1. Procédé pour produire de la vapeur dans un générateur de vapeur (17) et surchauffer cette vapeur dans un surchauffeur (18) à une température qui soit indépendante du débit de cette vapeur, suivant lequel on forme de la chaleur par combustion d'un combustible dans une chambre de combustion (10) à lit mobile entraîné par un gaz fluidisant (14) et composé de particules (11) relativement fines, la chaleur de combustion du combustible étant transférée aux particules fines en mouvement du lit mobile dans la chambre de combustion, caractérisé par le fait que:
(A) on fait circuler une première portion choisie des fines particules mobiles chauffées à travers le générateur de vapeur et en contact avec celui-ci, de manière que la chaleur fournie par les fines particules du lit entraîné engendre la production de vapeur,
(B) on fait circuler, indépendemment de la première portion, une seconde portion choisie de fines particules mobiles chauffées à travers le surchauffeur (18) et en contact avec celui-ci, de manière que la chaleur fournie par les fines particules du lit entraîné surchauffe la vapeur, et
(C) on fait en sorte, en réglant la quantité de chaleur fournie par la chambre de combustion (10) et les quantités relatives des première et seconde portions passant à travers le générateur de vapeur et surchauffeur, d'obtenir de la vapeur surchauffée une température convenable désirée.

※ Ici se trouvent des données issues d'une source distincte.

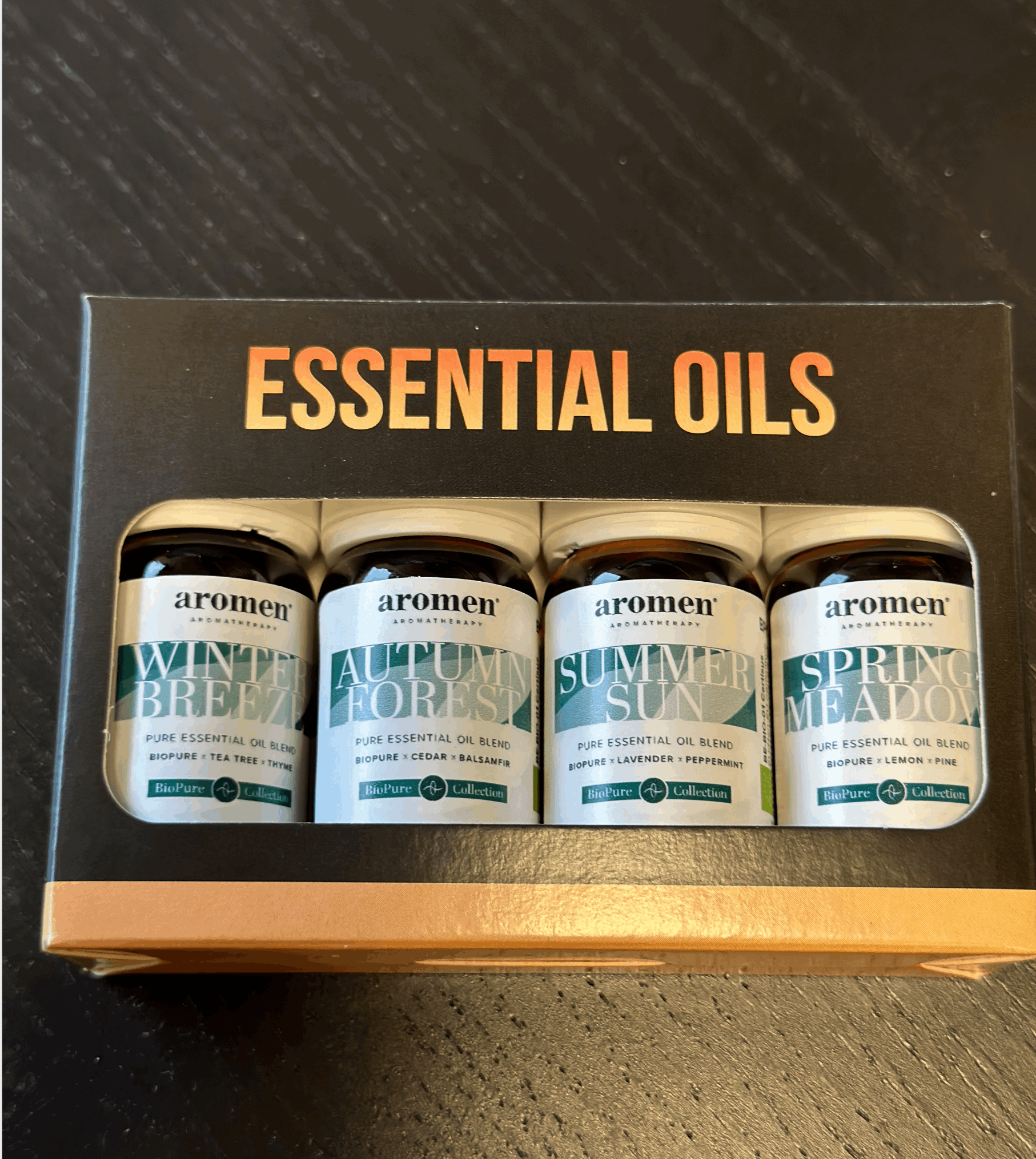 Inneholder 4 x 10 ml eterisk olje. 100% ren.

2. Procédé suivant la revendication 1, caractérisé par le fait que la chambre de combustion (10) à lit mobile comprend aussi un lit fluidisé (12) stable et dense composé de particules relativement grosses dans lequel circule au moins une partie des particules fines du lit mobile par entraînement.
3. Procédé suivant les revendications 1 ou 2, caractérisés par le fait que les première et seconde portions de particules fines du lit mobile sont renvoyées, pour recyclage, du générateur et du surchauffeur au brûleur.
4. Procédé suivant la revendication 3, caractérisé par le fait que les première et seconde portions comprennent pratiquement toute la quantité disponible des particules du lit mobile par entraînement.
5. Procédé suivant la revendication 3, caractérisé par le fait que les première et seconde portions s'excluent mutuellement.
6. Procédé suivant la revendication 3, caractérisé par le fait qu'on fait circuler une troisième portion choisie de particules fines du lit mobile par entraînement à travers un réchauffeur (1a) de vapeur, puis qu'on la renvoie pour recyclage à la chambre de combustion.
7. Procédé suivant la revendication 3, caractérisé par le fait qu'on renvoi directement à la chambre de combustion pour recyclage une quatrième portion choisie de particules fines du lit mobile, de manière à éviter son passage dans le surchauffeur (18) et le générateur de vapeur (17).
8. Procédé suivant la revendication 3, caractérisé par le fait qu'on fluidise temporaiement dans le générateur de vapeur (17) et le surchauffeur (18), par un gaz fluidisant, les particules fines chauffées du lit mobile de façon que le temps pendant lequel elles restent dans ceux-ci soit augmenté.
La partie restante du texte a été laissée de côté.